Wednesday, July 31, 2013
What Sucks About Being a Writer
I'm not talking about the hard work of writing. Writing itself has its frustrations and difficulties, like any job, but I'm not talking about the putting of words on a page.
I'm talking about being a writer... being in this business of publishing. If you ask around, I think most writers would say the rejection is about the worst aspect, and I wouldn't disagree that rejection stinks. No one likes to have someone say no to them. But before the no, there has to be the asking, and that is what I hate the most.
The begging.
Let's face it, that's what it is. We beg agents to take a look at a manuscript. Beg literary magazine to deem our work worthy of page space. Beg publishers to offer contracts, beg reviewers to take the time to read and rate our work. We beg fellow bloggers to participate in blog tours, beg fellow authors to blurb us and tout us. We beg fellow writers to read and critique our novels, even when we know how precious their time is and how much time it takes to do that. We beg friends and family to buy our books, to spread the word, to give us stars on Amazon.

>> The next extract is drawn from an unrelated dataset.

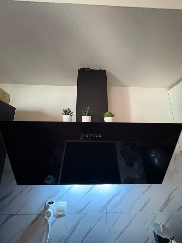 Detalles del productoCecotec Campana Decorativa de 90cm Bolero Flux DM 906500 Glass Black A. Motor 165W, Bajo Consumo, Frontal Vidrio Negro, Succión 650m3/h, Control Mecánico, 3 Niveles Potencia, Luz y Filtro de Carbono

Some people have PR to do that work, but there is still begging done on the part of the author, and that reflects on them.
It's as though we are standing in the midst of a swirling storm of talent asking others to find us worthy.
Maybe this sounds melodramatic. Some of you love the marketing aspect of publishing. Some of you are really good at it. I am not. I think it's because I always know there is someone out there with a better plot, with a more poetic way of writing. There are so many great writers, great books out there; who am I to say, "Pick me!"?
A friend of mine has just published a book. I found out that a mutual author friend is feeling a bit badgered by her PR, to read, to blurb, to promote. He doesn't have the time to do that, and he resents the pressure to be her cheerleader when they aren't really great friends, when he doesn't love the book, when he himself is overwhelmed by deadlines. I feel for him. But I feel for her, too. I know how hard it is to get a book out there.
I actually don't mind the rejection (when it's polite, of course, because no one feels good about getting torn apart for what they do!). I don't mind someone saying, "This just isn't for me." I get that. We don't all have the same taste in reading, and if someone doesn't like the way I write, doesn't like my topics or my characters, I'm okay with that.
It's the asking I hate, the way it makes me look desperate to be loved and accepted, as though having someone say "yes" to my writing is the only thing that validates it.
There's no way to get around this, of course. We write to be read, and we can't be read unless people know it's there to read.
The first obstacle, of course, is to having something for people to read. :) In that endeavor, off I go to write.
Thursday, July 11, 2013
The Way It Feels to Walk
That's my smiling mug. Cap and hood and crazy-armed gown. Officially done.
I'm so glad I made it to the official graduating ceremonies. At the end of January, my thesis done, my diploma in the mail, I felt like the program was over. I'd done everything I needed to do. But the last six months have felt a bit aimless, and I think part of me was worried I'd have trouble separating from college life, the way I did when I "graduated" undergrad but never walked across the stage.
But arriving on campus for the last days of residency with the other flood of January grads, and I felt like I was done. There's a sense of completion I needed here, to know I don't belong on that campus anymore, at least as a student.
I also loved the invigorating feeling about being around writers still excited about writing, about that community that is so alive it is like a visceral buzz that resonates through my whole body. I sat through a few craft talks and readings, and I suddenly wanted to write again. Better yet, I was suddenly able to throw off all those voices in my head and just write. Just me. My own voice again. Only better. The voice that is purely me, but all the great things I learned somehow seamlessly incorporated. If I was wandering, I have found my road again.